Thanks for your inquiry. Please share your input, existing output and expected output documents here as ZIP file. We will look into these and will guide you accordingly.
Thanks for sharing the resources. But I am afraid Wave Propagations(2).zip and expected output.zip files have same results.page13_Fig_1_Fig_3.zip (160.1 KB)
However, as per my understanding you want to extract image and related caption together. Please find updated code snippet. Hopefully it will help you to accomplish the task.

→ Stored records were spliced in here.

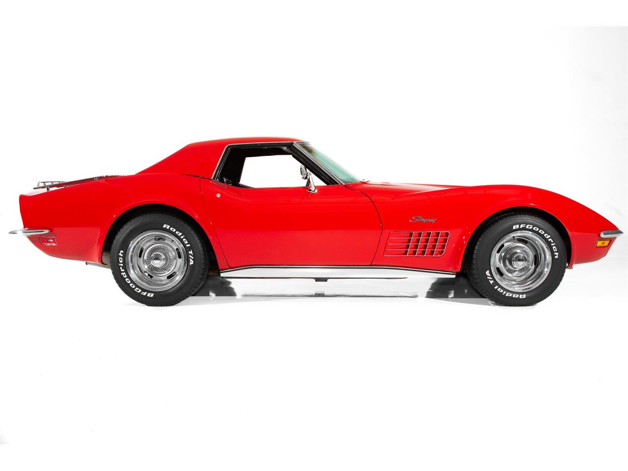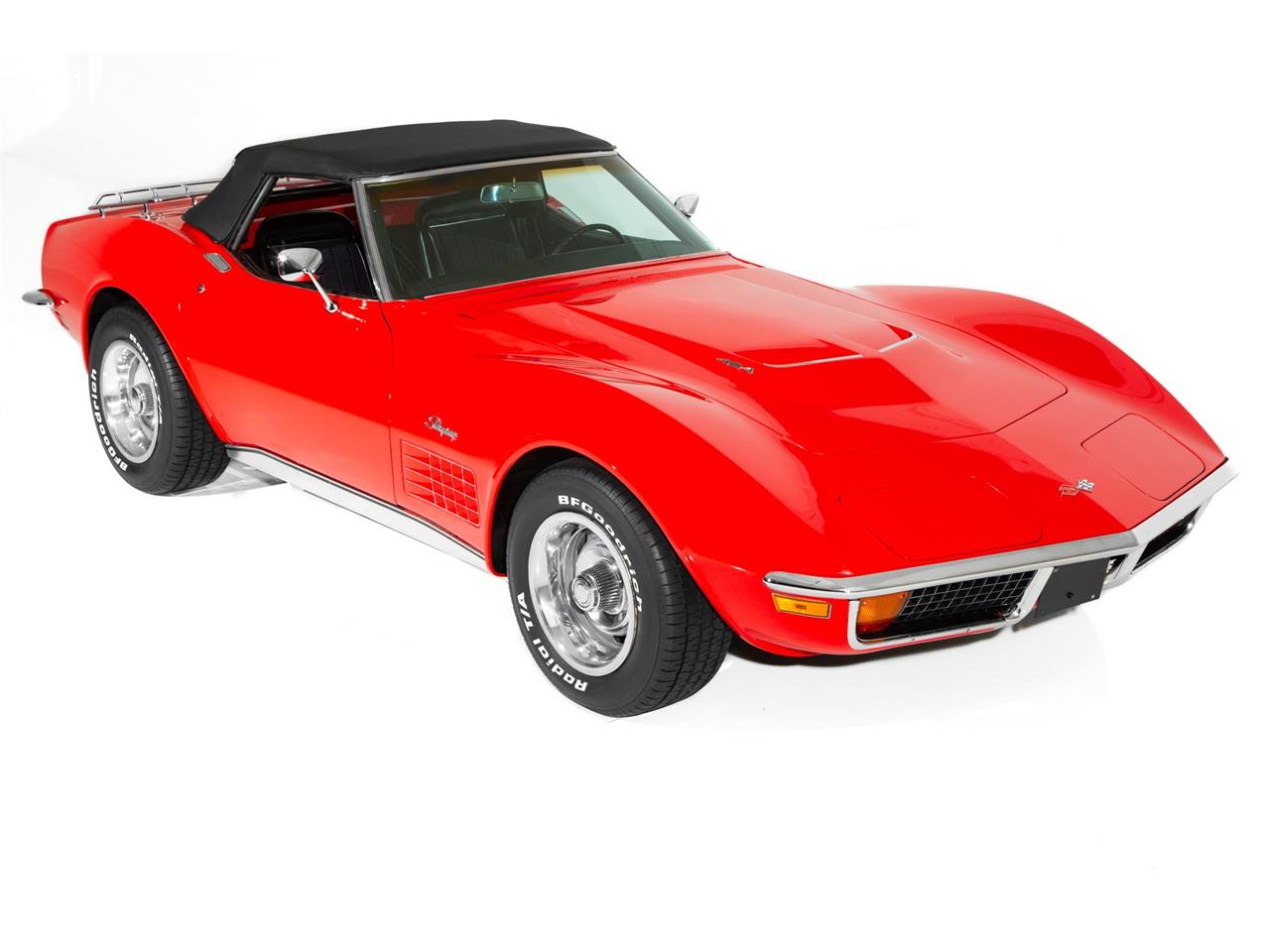 1972 Corvette Stingray 2 top roadster with the numbers matching LS5 454 engine. Very desirable. The black interior is in great shape .
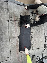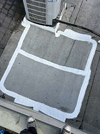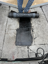 ponding area leveling and torch, clean down spot and using mestic (264 Elastomeric Roof Patch)
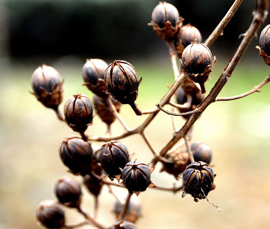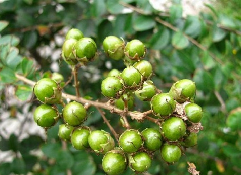 花淡红色或紫色、白色,直径3-4厘米,常组成7-20厘米的顶生圆锥花序;花梗长3-15毫米,中轴及花梗均被柔毛;花萼长7-10毫米,外面平滑无棱,但鲜时萼筒有微突起短棱,两面无毛,裂片6,三角形,直立,无附属体;花瓣6,皱缩,长12-20毫米,具长爪;雄蕊36-42,外面6枚着生于花萼上,比其余的长得多;子房3-6室,无毛。蒴果椭圆状球形或阔椭圆形,长1-1.3厘米,幼时绿色至黄色,成熟时或干燥时呈紫黑色,室背开裂;种子有翅,长约8毫米。花期6-9月,果期9-12月。
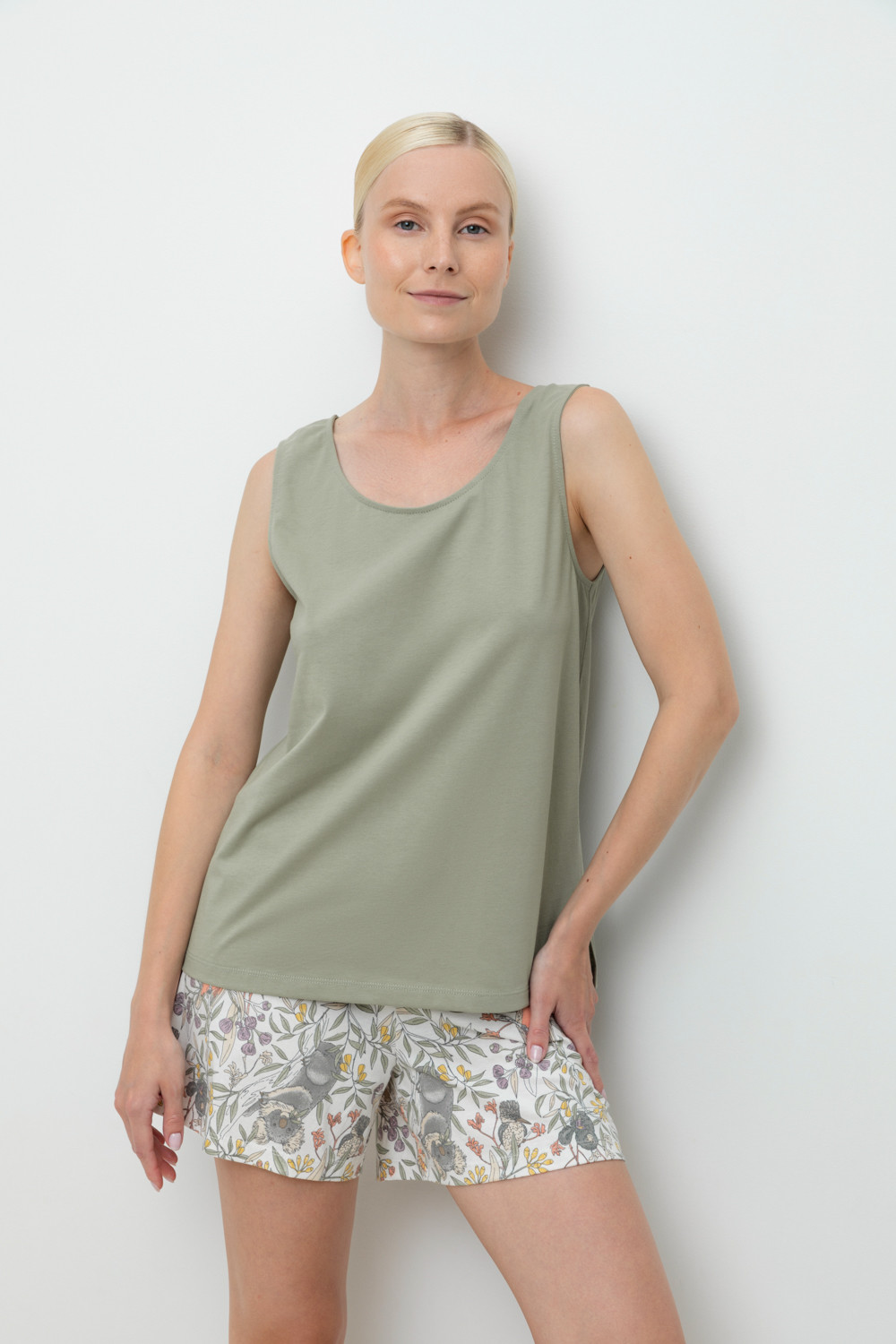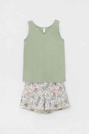Комплект для комфортного сна из 100% натурального хлопка. Майка свободного силуэта с боковыми разрезами, шорты с мягким поясом на резинке. Гладкий материал приятен к телу и позволяет коже дышать.

Document interimdoc = new Document("Wave Propagation(004)_page13.docx");
int i = 1;
ArrayList nodes = null;
// Get the paragraphs that start with "Fig".
for (Paragraph paragraph : (Iterable<Paragraph>)interimdoc
.getChildNodes(NodeType.PARAGRAPH, true))
{
// If want to include captions with Image
nodes = new ArrayList();
if (paragraph.toString(SaveFormat.TEXT).trim()
.startsWith("Fig"))
{
nodes.add(paragraph);
Node previousPara = paragraph.getPreviousSibling();
while (previousPara != null
&& previousPara.getNodeType() == NodeType.PARAGRAPH
&& previousPara
.toString(SaveFormat.TEXT)
.trim().length() == 0
&& ((Paragraph)previousPara).getChildNodes(
NodeType.SHAPE, true).getCount() > 0)
{
if (previousPara != null)
nodes.add(previousPara);
previousPara = previousPara.getPreviousSibling();
}
if (nodes.size() > 0)
{
// Reverse the node collection.
Collections.reverse(nodes);
// Extract the consecutive shapes and export them into
// new document
Document dstDoc = new Document();
dstDoc.removeAllChildren();
dstDoc.ensureMinimum();
for (Paragraph para : (Iterable<Paragraph>)nodes)
{
NodeImporter importer = new NodeImporter(interimdoc,
dstDoc, ImportFormatMode.KEEP_SOURCE_FORMATTING);
Node newNode = importer.importNode(para, true);
dstDoc.getFirstSection().getBody().appendChild(newNode);
dstDoc.save("E:/data/image_" + i + ".docx");
}
i++;
nodes.clear();
}
}
}
Thanks for your feedback. Please note while condition is failing for Fig 6 because its parent paragraph contains some text runs. You can remove following condition from while loop, it will help you to resolve the issue.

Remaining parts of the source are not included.